Elaine devient pâle comme un linge. Ce sifflement. Non. Ce carreau d’arbalète, planté, là. Si proche de son visage. Elle regarde avec une effroyable fascination la sève qui coule le long de l’écorce du pin, sous le terrible projectile. Cela aurait pu être son sang sur sa peau, s’il l’avait voulu, se dit-elle. Elle ne poussera pas un cri. Il est des peurs qui laissent simplement muet, dépouillé de toute parole. Ses mains se relâchent les premières. Ses jambes deviennent cotonneuses et elle se surprend à rester consciente malgré l’état de terreur pure dans laquelle la proximité de la mort vient de la plonger. Livide, haletante, le regard fixé sur l’arbre comme s’il ne pouvait plus s’en détacher ; elle reste immobile, l’esprit tellement embrouillé qu’il ne fonctionne plus du tout.

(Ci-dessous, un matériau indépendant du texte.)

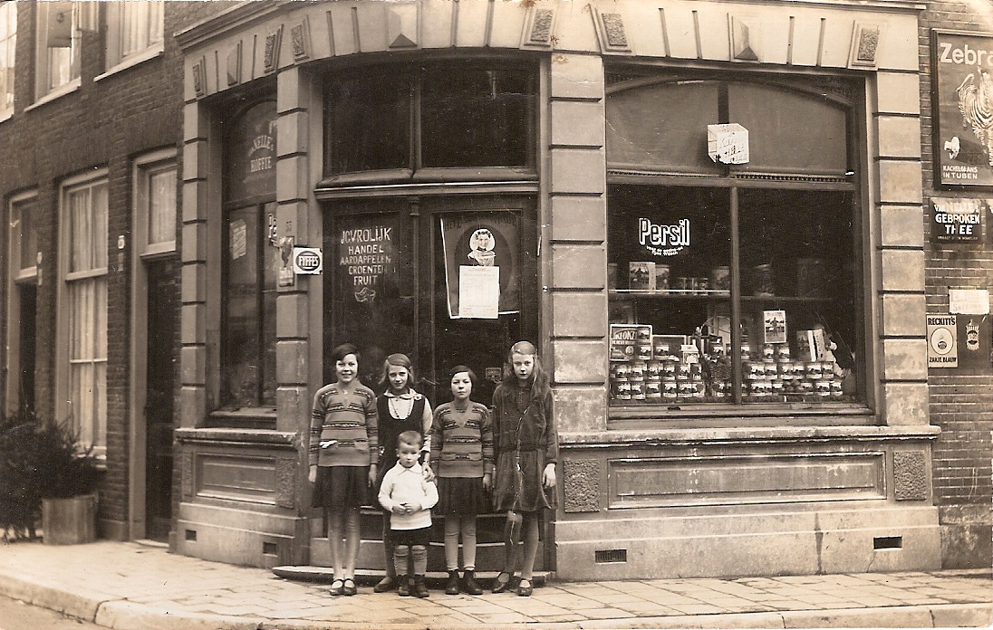 Zie 552_802412 (identiek): Aardappel- en groentehandel van J.G. Vrolijk, Noordendijk 55, op de hoek van het Matena's Pad (rechts).

Trishna entend le sifflet du carreaux passer juste a côtés de son oreille, ses cheveux volant au passage. La ça l'amuse encore plus, il l'avait donc remarqué dommage, elle ne savait pas exactement où il était mais chaque fois qu'il parlait elle arrivé a le situé a peut prés sur le rocher. Un rire tout aussi machiavélique que son sourire plutôt se fit entendre : « Eh bien...Eh bien... Ombre des ténèbres crois-tu me faire peur ? » Sa voix sonne comme celle d'un démon venu d'outre tombe alors qu'elle est bien humaine. Mais depuis au moins deux ans elle avait épousé le chemin de l'enfer et ne semble pas effrayée pour le moins du monde par la mort.

Son regard se faufilera sur la jeune femme tellement apeurée, qu'elle ne bouge pas d'un poil, ce qui la fit rire encore plus se moquant presque d'elle avant de s'adresser a elle d'une voix ferme et forte : « Cours si tu tiens à la vie ! » ce n'est pas tant pour que la vie soit sauve de l'herboriste qu'elle agit ainsi. Elle espère surtout la voir courir comme un lapin chassé par l'ombre du chasseur.

Aenur amusé d'une part par la peur qui envahit l'une des vermines, un autre amusement venant de la seconde vermine qui semble ne pas craindre la mort, enfin il n'est pas la pour donner la mort, il n'en est qu'un intermédiaire, si son carreau aurait touché les deux seraient inconsciente, mais vivantes, prêtes à être amenées à la prêtresse dans le but d'être sacrifiées à Lolth, sa voix se faisant entendre à nouveau : « Je ne crois rien vermine...contrairement à toi qui crois avoir un semblant de pouvoir...je sais et je suis... » il se redresse alors, sa cape perdant la teinte de la roche pour reprendre sa couleur obsidienne d'origine, tout comme le reste, a la faible lueur de la lune elles ne pourront que voir une ombre a forme humaine, toujours encapuchonnée, ses deux arbalètes tenant en joug les deux vermines :

 « Quand à toi qui semble la plus censée, ramasse tes plantes et quitte ces lieux, l'heure de te tuer au nom de Lolth n'est pas encore venue... »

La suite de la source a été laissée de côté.